MLB DFS Live Before Lock: June 18 Picks Recap
June 18, 2026
MLB DFS Live Before Lock: June 18 Picks Recap
This is a recap of our June 18 MLB DFS Live Before Lock show. The slate it covers has already locked, so treat what follows as a record of how we read a tricky four-game board, not as live advice for tonight. If you want the same reads on the next slate, the Stokastic MLB DFS Sims run the exact process you'll see below. We covered a tiny four-game night slate with nuclear weather, almost no clean pitching, and most of the edge hiding in non-standard stacks. Here's everything we walked through.
In Summary
- Four-game night slate, brutal weather. Yankee Stadium and Sutter Health Park both had the wind howling out around 24 mph in 80-to-90-degree heat, and Citizens Bank Park projected nuclear too. The takeaway we kept coming back to: this was a board to mix in three- and four-man stacks, not just the usual five-man builds.
- Top pitcher: Gage Jump (DraftKings $7,800, FanDuel $10,000) for the Athletics against the Angels, on the strength of his slider-changeup combo and a 5.5-strikeout prop sitting around even money. Mike Trout landing on the IL right before lock only helped the spot.

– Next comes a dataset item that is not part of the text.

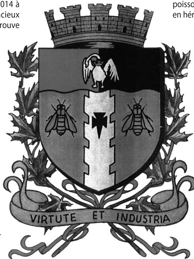
Armoiries de Buckingham.

À côté de tous ces animaux apparaît un groupe de créatures issu de la mythologie et de l'imaginaire. Ainsi, les armoiries de Papineauville contiennent un cheval ailé qui symbolise l'éloquence de Louis-Joseph Papineau. De son côté, le dragon sur les armes de Saint-Georges-de-Champlain rappelle le combat que livra saint Georges au légendaire dragon. Figure aussi honorable en art héraldique que le lion ou l'aigle, le griffon, qui est une fusion des deux animaux, représente sur le blason de Terrebonne les « premiers pionniers de la population française de la municipalité, l'attachement de celle-ci à tout ce qui touche son patrimoine et l'obligation

- Leverage pitcher: Sean Manaea (DraftKings $6,500) for the Mets into a Phillies lineup stacked with left-handed bats, at muted ownership in a scary park.
- The chalk: Ryan Weathers (DraftKings ~45% projected ownership) for the Yankees against the White Sox; we played him, just under the field.
- Pitchers we faded: José Soriano (over-owned near 30%), Noah Cameron into a contact-heavy Cardinals lineup, and Sean Burke pitching behind an opener.
- Stacks that mattered: White Sox five-mans, a heavy lean into the Yankees, and a Cardinals group full of low-strikeout bats.
Watch the Video
Eric Lindquist hosted this MLB DFS Live Before Lock and built the slate live in the Stokastic Sims. The full 40-minute show is embedded above if you want the screen-share of every pitcher read and stack as it happened.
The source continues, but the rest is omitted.